On 5/3/16 1:18 AM, Paul Sandoz wrote:
Hi,

Please review:

   
http://cr.openjdk.java.net/~psandoz/jdk9/JDK-8155258-vhs-impl-improvements-jdk/webrev/
 
<http://cr.openjdk.java.net/~psandoz/jdk9/JDK-8155258-vhs-impl-improvements-jdk/webrev/>
   
http://cr.openjdk.java.net/~psandoz/jdk9/JDK-8155258-vhs-impl-improvements-hotspot/webrev/
 
<http://cr.openjdk.java.net/~psandoz/jdk9/JDK-8155258-vhs-impl-improvements-hotspot/webrev/>

The hotspot changes are really small. Is there is precedent in such cases to 
push through jdk9-dev rather than hs, thus speeding up the integration?

There are a bunch of improvements (mostly space/time):

1) By default a VarHandle does not hold its method types for access mode 
methods. Instead the erased types are held on VarForm (this shared across many 
VH instances) and are leveraged by the guard methods (see 4).
1.1) The non-erased method types are created on demand and cached (see 3).

2) Remove the use of ClassValue to hold VarForm instances. Each VarHandle 
implement holds its VarForm as a static instance.

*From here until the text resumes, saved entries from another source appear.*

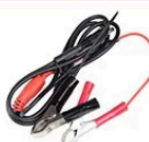
câble d'alimentation à double pince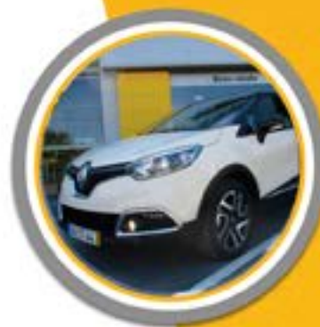
RENAULT CAPTUR 1.5 DCI EXCLUSIVE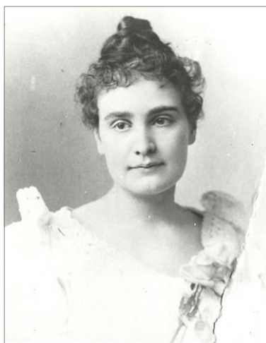
Ан Съливан, 1894 г.

Великата педагогическа мисия на 21-годишната Ан Съливан започва на 03.03.1887 г., когато тя се отправя на юг към Тоскумбия (Алабама), за да започне обучението на Хелън Келър. Дългото пътуване, неизвестността и предстоящите огромни трудности разстройват младата девойка. Проявената човешка загриженост от кондуктора на влака предразполага Ан да разкаже за живота си и за целта на пътуването. Служителят я успокоява с твърдението, че южняците ще ѝ харесат, защото са добри хора. Само за няколко седмици Съливан постига истинско чудо в обучението на Келър.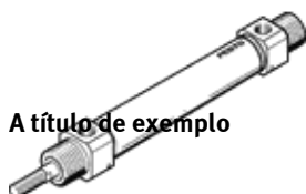
A título de exemplo

Produto será descontinuado. Disponível até 2024. Produto alternativo no Support Portal..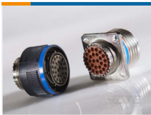
TE 产品编号ZPF000000000017088 DTS 26 K 09-98 SN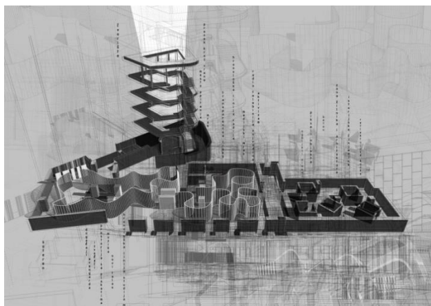
Slika 3. Šematski prikaz podruma i čvorišta

Pokretač društva je aktivizam, on počiva na ličnom odnosu sa objektom. Naš zadatak je da ga probudimo, tako što ćemo u programsku fuziju uključiti i sećanje na Studio M nekad i njegov značaj. Ideja je bila stvoriti mesto nove misli, misli koja je promenljiva u toku vremena. Mesto odakle potiče promocija kulture grada. U objektu se sukobljava klasičan tip programa sa sajt - specifik muzejom, koji predstavlja prostorni aktivizam. Storytelling objekta započinje iz samog podzemlja, u kojem nastaje sajt-specifik koncept, koji se dalje linearno rasprostire kroz ceo objekat, sa kulminacijom na krovu, odakle posetioci imaju pogled na grad. Polazeći od podrumskog dela objekta posetilac prolazi kroz filter istorije Studija i Radija, da bi se kasnije susreo sa daljim stvaralaštvom u objektu koje se dešava u sadašnjosti.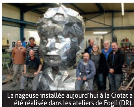
La nageuse installée aujourd'hui à la Ciotat a été réalisée dans les ateliers de Fogli.

Deux ans plus tard, Michel Henn agrandit l'entreprise avec la construction d'un nouveau bâtiment de 300 m². Si le cœur de métier était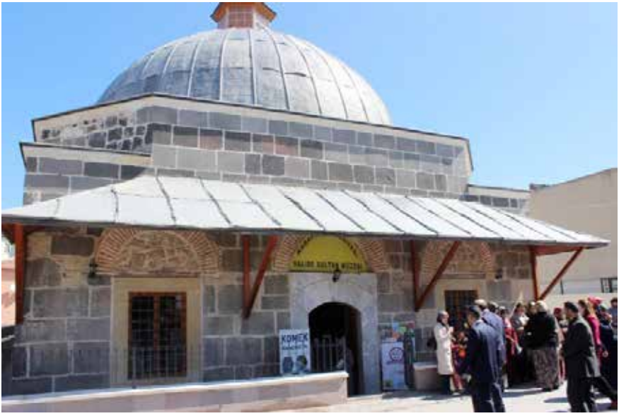
Hürrem Sultan Hamamı

“ Obruk ” oyuk, çukur, çökmüş yer anlamındadır. Obruklar birer tabiat harikasıdır. Karapınar’da şuana kadar 43 obruk oluşmuş, yenileri de her an oluşabilir. Karstik kökenlidirler.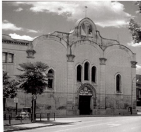
Vista del Santuari de la Mare de Déu de la Pietat d' Igualada

La primera part d'aquesta etapa està dominada per llargs contactes amb la N-II que ens acompanyarà fins a Saragossa. Explica l'obertura de l'autovia es pot transitar molt millor el tram de Jorba a la Panadella que ha quedat per als pelegrins. A partir de la Panadella trobarem la tranquil·litat dels pobles de la Ribera d'Ondara. Visitar la població de Pallerols i la seva església us encantarà.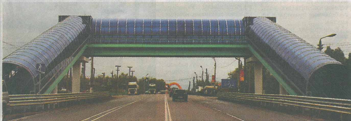
Две стороны скоростной магистрали связал современный переход

П ешеходный переход с наклонными подъемниками появился недавно в поселке Иншинском.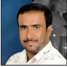
كتابات/ مرسل العباسي

تشكل الحرائق تهديداً كبيراً على مخيمات النزوح، حيث تدمر المأوى الطارئ وتهدد حياة النازحين. يتطلب التصدي لهذا التحدي اعتبار الحماية من الحرائق جزءاً أساسياً من استراتيجيات التأهيل وإدارة الأزمات.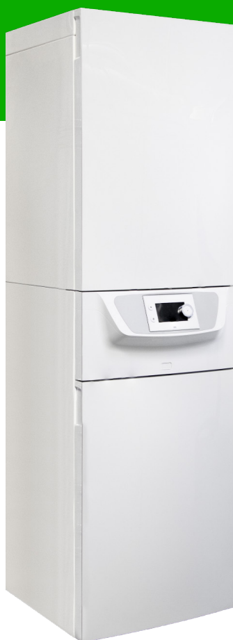
Indedel 6,11 & 16 kW inkl. integreret buffer, 55 liter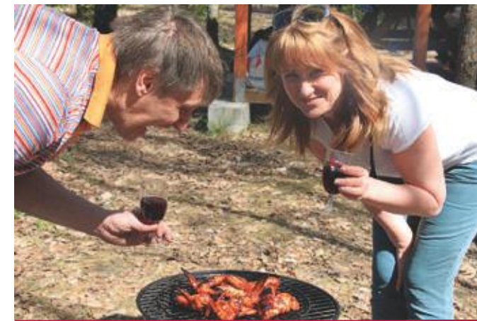
Гастрономический туризм – удел гурманов 8–10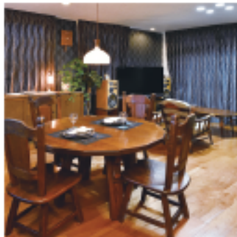
奥様が大切にされているアンティーク家具が、モダンクラシック感漂うインテリアに見事にマッチ

MemberNames to each access 
mode method implementation are still calculated on construction (this can be 
revisited to be lazy as a further issue).

3) A VarHandle caches invoker-based MethodHandles (access mode method type 
prefixed with VarHandle as the first parameter) to the corresponding 
MemberNames held on VarForm. Such handles are used by the 
VarHandle.toMethodHandle, by the guard methods (see 4), or general 
linkers/invokers.

4) The guard methods (on VarHandleGuards) were revamped to:
4.1) leverage the erased types in 1)
4.2) optimize for the void calling case (dropping the return value) when 
linking to a non-void access mode method. This is an edge case but avoids 
surprises (e.g. dropping the return value of a CompareAndExchange). This 
leverages a little known fact of invokehandle linking where it is safe to drop 
the return value (John assures me this is safe!), and required a slight tweak 
to hotspot for verification under fastdebug execution.
4.3) leverage the cached invoker method handle in 3) for the case where 
boxing/conversion is required, with an asType transformation. This is the 
non-optimal path, but is much better than before since the invoker method 
handle is a constant.


JPRT core and hotspot tests pass.

Paul.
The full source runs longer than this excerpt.